Scott Grannis said...

cribs: I'm one of those economists who didn't think the recession started until well into the first half of last year. The super-bears were the ones saying the recession started in '06, and I'll met most of them see worse things yet to come. We all make mistakes.

I agree that today's information flow changes things dramatically. It may accentuate panics, as we have seen in recent months, but it may also shorten adjustment times. I'm guessing that those who are still bearish are underappreciating just how much and how fast the underlying dynamics of the economy and the market are changing. As you say, later this year we may discover that the recession ended in March/April.

Cabodog said...

Scott,

I'd generally agree with your observations that we've seen the worst. The bulk of the nation's businesses are now very lean and poised for any type of rebound, which means good profits ahead.

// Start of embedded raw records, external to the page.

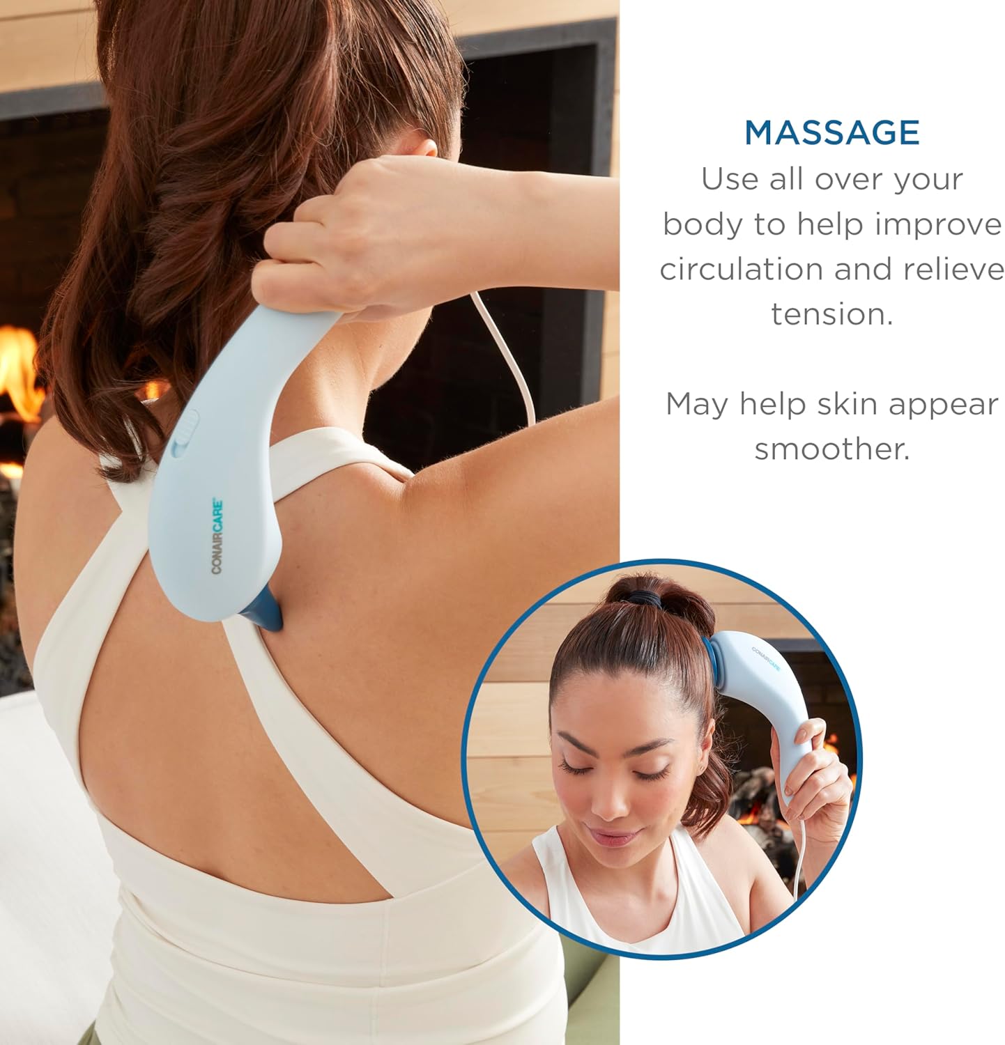Relax and Release Tension: Perfect for a relaxing facial massage to help improve circulation, massage may also help skin to appear smoother. Get gentle tension relief for sensitive areas and use more powerful vibration for reaching deeper into muscles.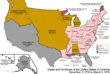 - 3 décembre : la partie sud du Territoire de l'Illinois devient le 21e État, l'Illinois, ce qui donne la majorité aux États antiesclavagistes. La partie nord est réassigné au Territoire du Michigan[1]
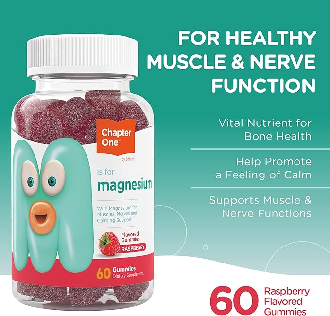 Chapter One Magnesium Gummies, Great Tasting Magnesium for Kids, Calm Kids Magnesium, Magnesium Gummies for Women and Men, Certified Kosher, (60 Flavored Gummies)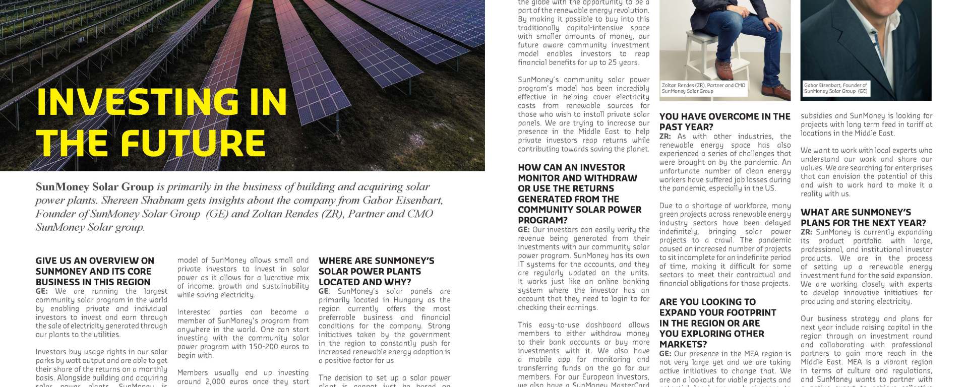 ZR: Being headquartered in Dubai has been an ideal choice considering the multi-cultural financial and economic hub that it is. We aim to provide everyone across the Middle East and the globe with the opportunity to be a part of the renewable energy revolution. By making it possible to buy into this traditionally capital-intensive space with smaller amounts of money, our future aware community investment model enables investors to reap financial benefits for up to 25 years. SunMoney’s community solar power program’s model has been incredibly effective in helping cover electricity costs from renewable sources for those who wish to install private solar panels. We are trying to increase our presence in the Middle East to help private investors reap returns while contributing towards saving the planet.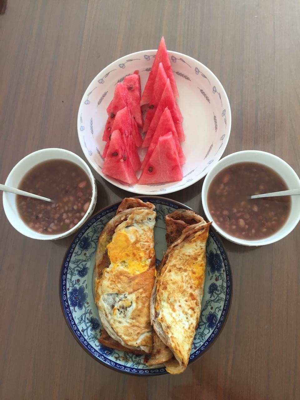 早餐打卡:八宝粥,手抓饼,西瓜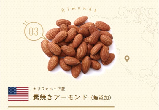 原材料:アーモンド(アメリカ産)・カシューナッツ(インド産)・クルミ(アメリカ産)・マカダミアンナッツ(オーストラリア産)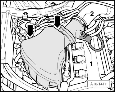 - Open hose clamp and carefully pull Mass Air Flow (MAF) Sensor (G70) out of guide from air filter housing.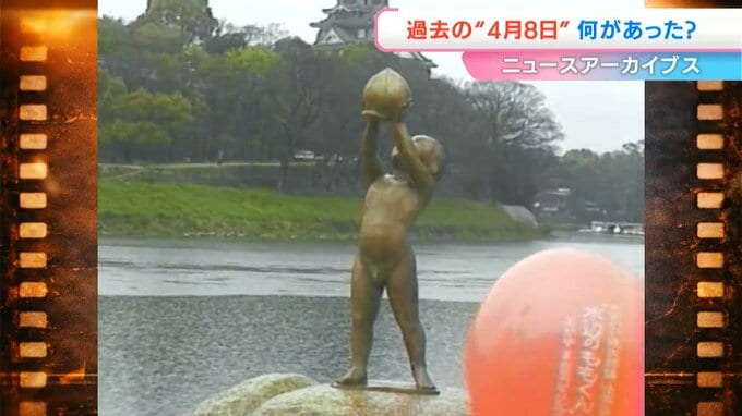 この日、お目見えしたのは「水辺のももくん」。岡山市の市制100年を記念したもので、後楽園外苑の旭川の水辺に設置された桃太郎像です。

However, one thing bothers me and that's commercial real estate. I think there's a storm brewing there as tons of debt matures and no way to refinance it (the collapse of MBS markets and also lower occupancies due to the recession making it harder to refi also). GGP went bankrupt today due to those issues -- how many investors will face these same issues over the next 12-24 months?

However, the market seems to have the CRE issues priced into it, with banks still at rock-bottom pricing, the market anticipating higher losses from CRE.

The Lab-Rat said...

Scott, in the past you have frequently pointed to T-Bill yields rising to support your 'more optimistic than a very pessimistic market' view. What do you make of USGG1M back at or around zero despite encouraging signs elsewhere in the markets?

Scott Grannis said...

Re: CRE. It's no secret that CRE is in trouble. It's making headlines everyday everywhere. Yet the market shrugs off the bad news. I conclude that the market has priced in a CRE debacle. But if the economy as a whole has seen the worst of the recession and starts to improve, that will make the CRE situation much less problematic.

The key thing for me is that not too long ago the market was priced to a double-deep-deflation depression. Now it's just priced to an awful recession. If we get a mild, modest recovery, the sky's the limit for equity prices.

Scott Grannis said...

Lab-Rat: I've been pondering that same question myself for the past few weeks. I don't have a good answer, otherwise I would have posted something on it. My best guess right now is that with all the $$ that the Fed has poured into the system, a good portion of it is just sitting in cash and T-bills. People don't have the courage yet to deploy the money into riskier assets.

I imagine the owners of all those T-bills are beginning to get extremely nervous as they watch equity prices melt up. When bill yields rise we will know that their nerves have got the better of them.